Supplied records START

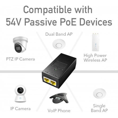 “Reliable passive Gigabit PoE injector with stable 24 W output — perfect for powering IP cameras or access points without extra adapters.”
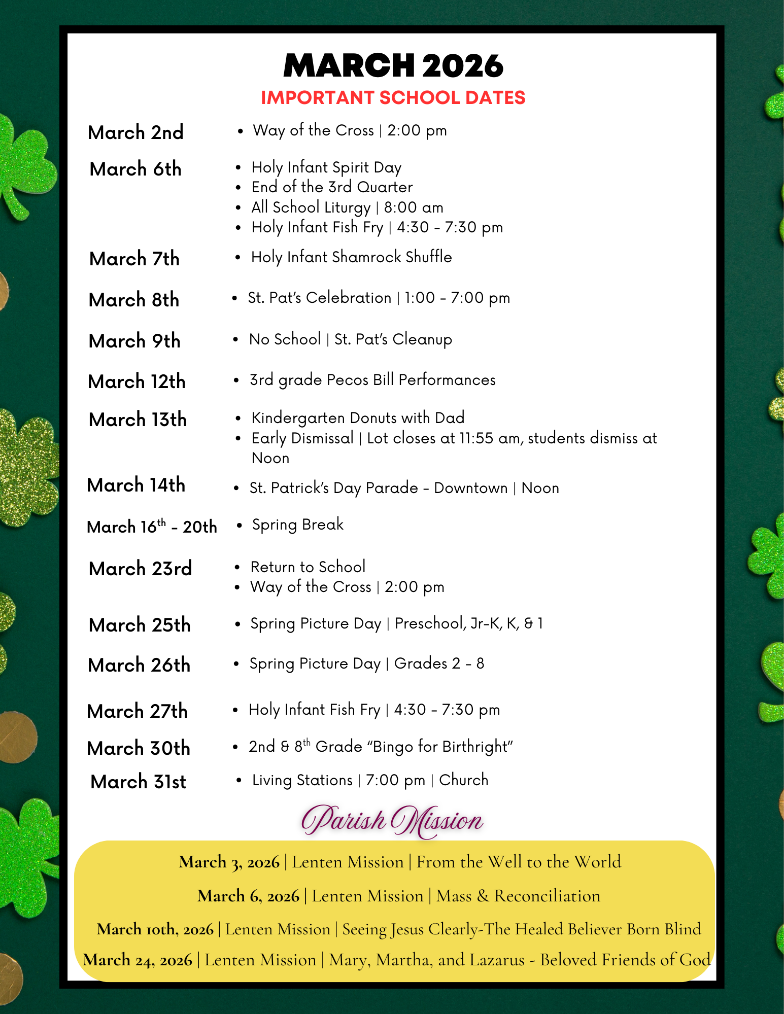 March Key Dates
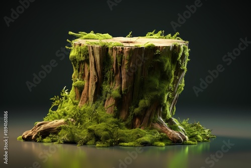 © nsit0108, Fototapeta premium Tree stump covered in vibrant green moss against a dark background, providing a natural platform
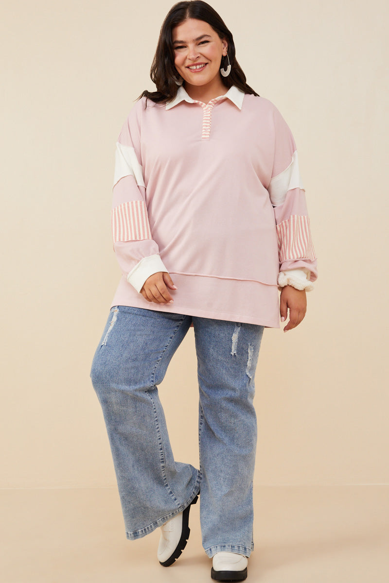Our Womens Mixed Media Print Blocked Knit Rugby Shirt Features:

Supplied records END
Supplied records START

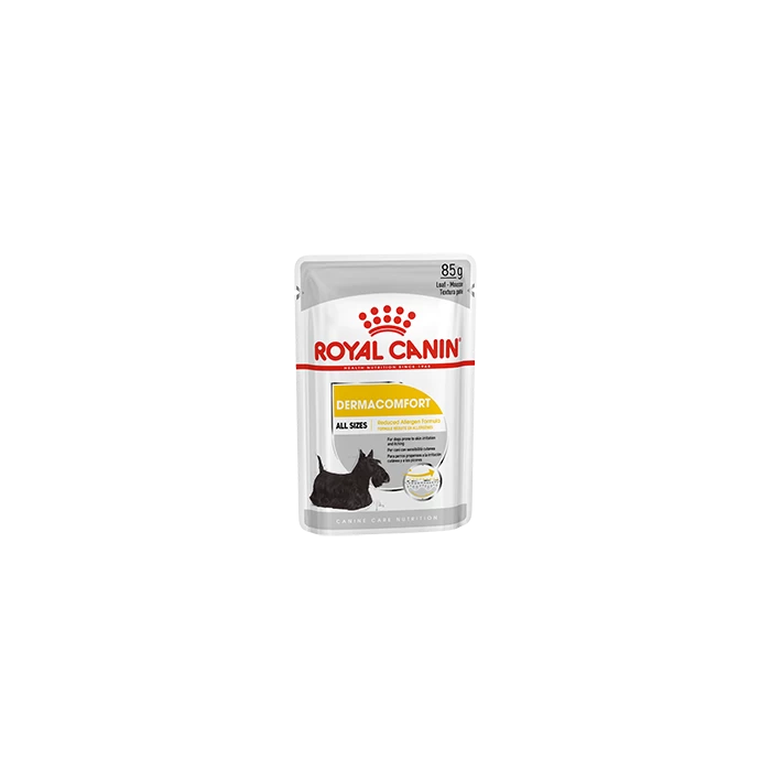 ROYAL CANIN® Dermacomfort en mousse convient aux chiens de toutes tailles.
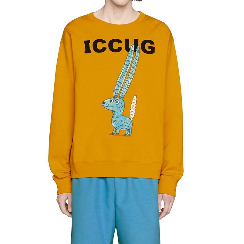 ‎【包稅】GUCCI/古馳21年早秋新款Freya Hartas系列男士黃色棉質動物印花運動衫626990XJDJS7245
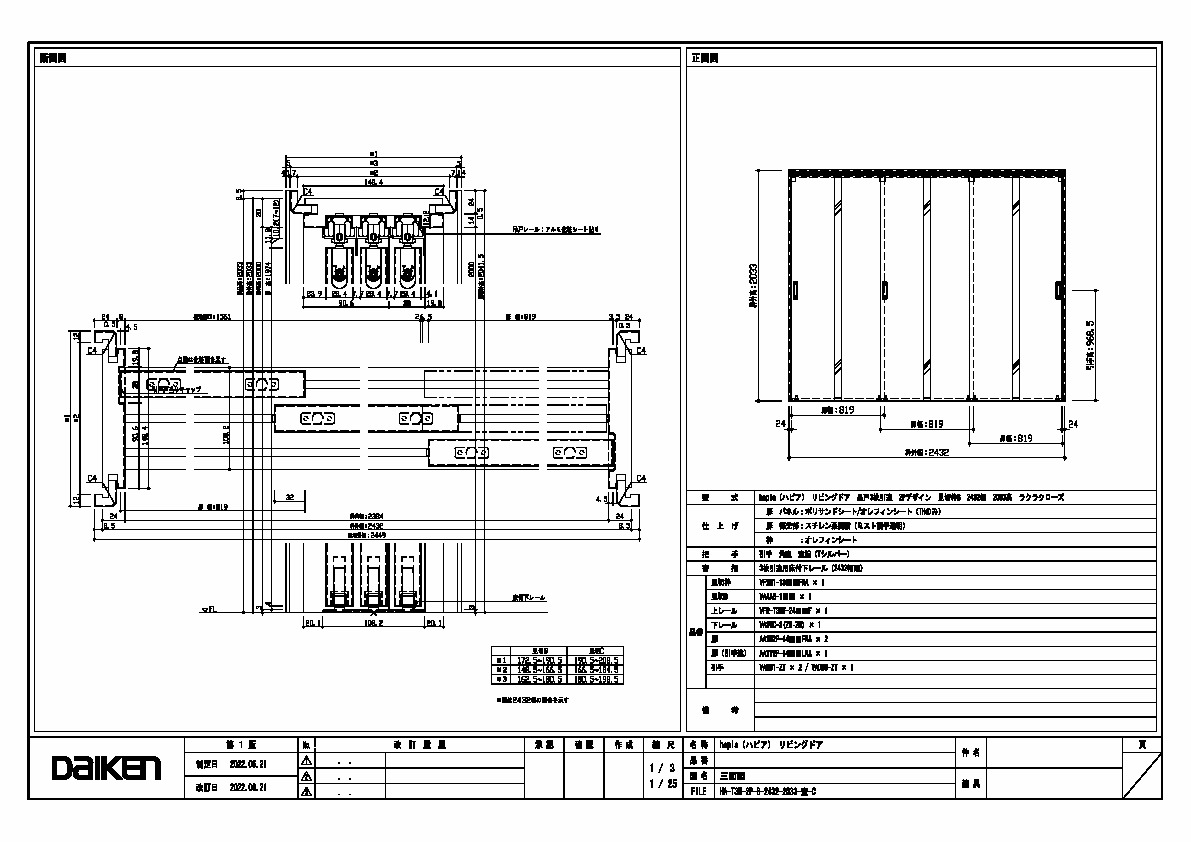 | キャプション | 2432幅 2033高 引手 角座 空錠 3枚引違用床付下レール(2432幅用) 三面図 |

Supplied records END

Instructions for the task — Above is the material; set down exactly its lines from the one containing "passive Gigabit PoE" down to the one containing "a natural platform", both included, leaving out any pictures.

Result of this exercise —
 “Reliable passive Gigabit PoE injector with stable 24 W output — perfect for powering IP cameras or access points without extra adapters.”
 March Key Dates
 © nsit0108, Fototapeta premium Tree stump covered in vibrant green moss against a dark background, providing a natural platform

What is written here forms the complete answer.